## WHAT YOU HAVE TO DO
Exact copy, no pictures: repeat the data that follows.

## SUPPLIED DATA
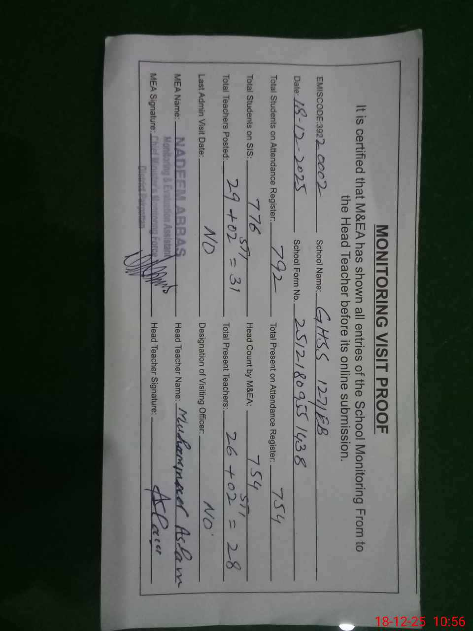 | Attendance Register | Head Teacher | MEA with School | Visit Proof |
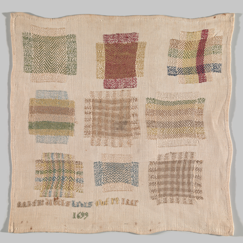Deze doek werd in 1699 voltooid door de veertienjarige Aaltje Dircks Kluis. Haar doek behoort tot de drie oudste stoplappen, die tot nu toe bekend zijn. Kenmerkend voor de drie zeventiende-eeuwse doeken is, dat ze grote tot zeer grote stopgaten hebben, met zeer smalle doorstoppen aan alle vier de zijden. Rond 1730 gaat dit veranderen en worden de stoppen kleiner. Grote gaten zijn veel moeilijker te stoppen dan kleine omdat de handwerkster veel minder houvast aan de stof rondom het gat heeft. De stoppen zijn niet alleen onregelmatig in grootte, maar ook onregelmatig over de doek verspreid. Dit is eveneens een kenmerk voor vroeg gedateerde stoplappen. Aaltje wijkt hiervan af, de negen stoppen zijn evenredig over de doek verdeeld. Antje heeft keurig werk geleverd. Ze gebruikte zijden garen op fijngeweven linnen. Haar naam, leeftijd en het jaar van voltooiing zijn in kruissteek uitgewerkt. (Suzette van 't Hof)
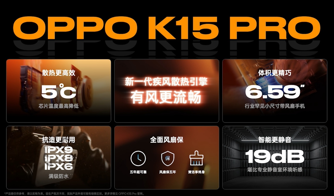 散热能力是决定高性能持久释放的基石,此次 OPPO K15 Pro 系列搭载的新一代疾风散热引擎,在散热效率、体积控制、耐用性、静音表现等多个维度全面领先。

## OUTPUT OF THE EXERCISE
 | Attendance Register | Head Teacher | MEA with School | Visit Proof |
Deze doek werd in 1699 voltooid door de veertienjarige Aaltje Dircks Kluis. Haar doek behoort tot de drie oudste stoplappen, die tot nu toe bekend zijn. Kenmerkend voor de drie zeventiende-eeuwse doeken is, dat ze grote tot zeer grote stopgaten hebben, met zeer smalle doorstoppen aan alle vier de zijden. Rond 1730 gaat dit veranderen en worden de stoppen kleiner. Grote gaten zijn veel moeilijker te stoppen dan kleine omdat de handwerkster veel minder houvast aan de stof rondom het gat heeft. De stoppen zijn niet alleen onregelmatig in grootte, maar ook onregelmatig over de doek verspreid. Dit is eveneens een kenmerk voor vroeg gedateerde stoplappen. Aaltje wijkt hiervan af, de negen stoppen zijn evenredig over de doek verdeeld. Antje heeft keurig werk geleverd. Ze gebruikte zijden garen op fijngeweven linnen. Haar naam, leeftijd en het jaar van voltooiing zijn in kruissteek uitgewerkt. (Suzette van 't Hof)
 散热能力是决定高性能持久释放的基石,此次 OPPO K15 Pro 系列搭载的新一代疾风散热引擎,在散热效率、体积控制、耐用性、静音表现等多个维度全面领先。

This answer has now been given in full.